** SOURCE MATERIAL follows **

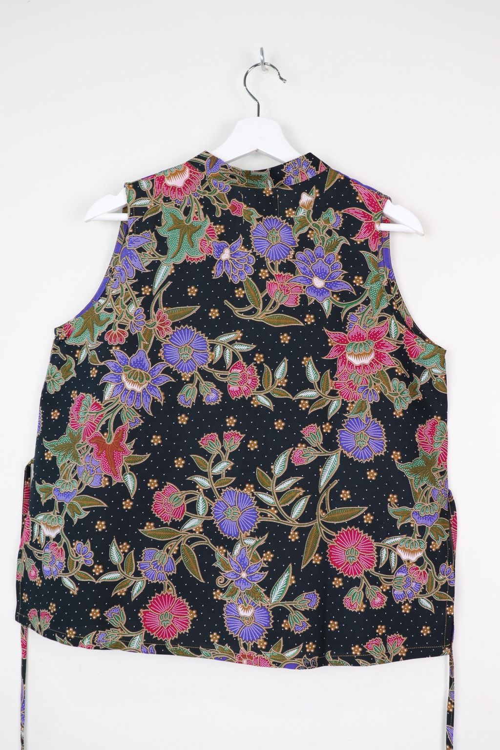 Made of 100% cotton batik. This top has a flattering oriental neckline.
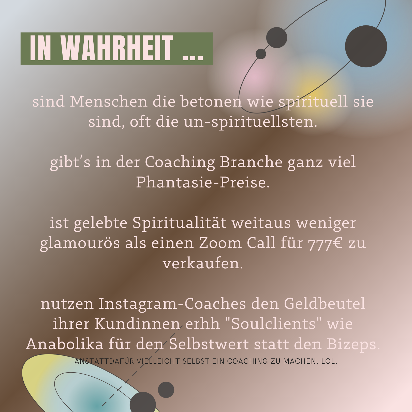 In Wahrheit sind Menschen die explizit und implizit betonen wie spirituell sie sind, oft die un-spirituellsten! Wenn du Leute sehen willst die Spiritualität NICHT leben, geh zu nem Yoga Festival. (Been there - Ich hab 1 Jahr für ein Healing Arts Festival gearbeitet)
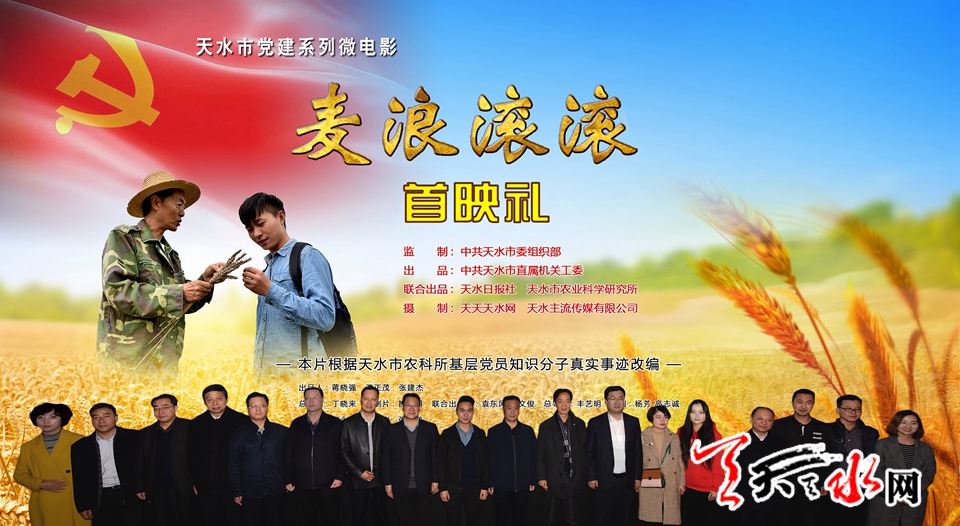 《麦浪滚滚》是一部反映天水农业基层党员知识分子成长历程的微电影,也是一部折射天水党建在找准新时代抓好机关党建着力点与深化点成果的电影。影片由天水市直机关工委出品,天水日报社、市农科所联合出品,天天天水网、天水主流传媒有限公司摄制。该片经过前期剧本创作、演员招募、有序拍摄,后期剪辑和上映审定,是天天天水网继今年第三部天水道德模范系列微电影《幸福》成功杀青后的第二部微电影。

** End of SOURCE MATERIAL **

§ YOUR GOAL
Pictures stay out. Repeat only the lines from the beginning of the data through the line that has "In Wahrheit sind".

§ EXPECTED OUTPUT
 Made of 100% cotton batik. This top has a flattering oriental neckline.
 In Wahrheit sind Menschen die explizit und implizit betonen wie spirituell sie sind, oft die un-spirituellsten! Wenn du Leute sehen willst die Spiritualität NICHT leben, geh zu nem Yoga Festival. (Been there - Ich hab 1 Jahr für ein Healing Arts Festival gearbeitet)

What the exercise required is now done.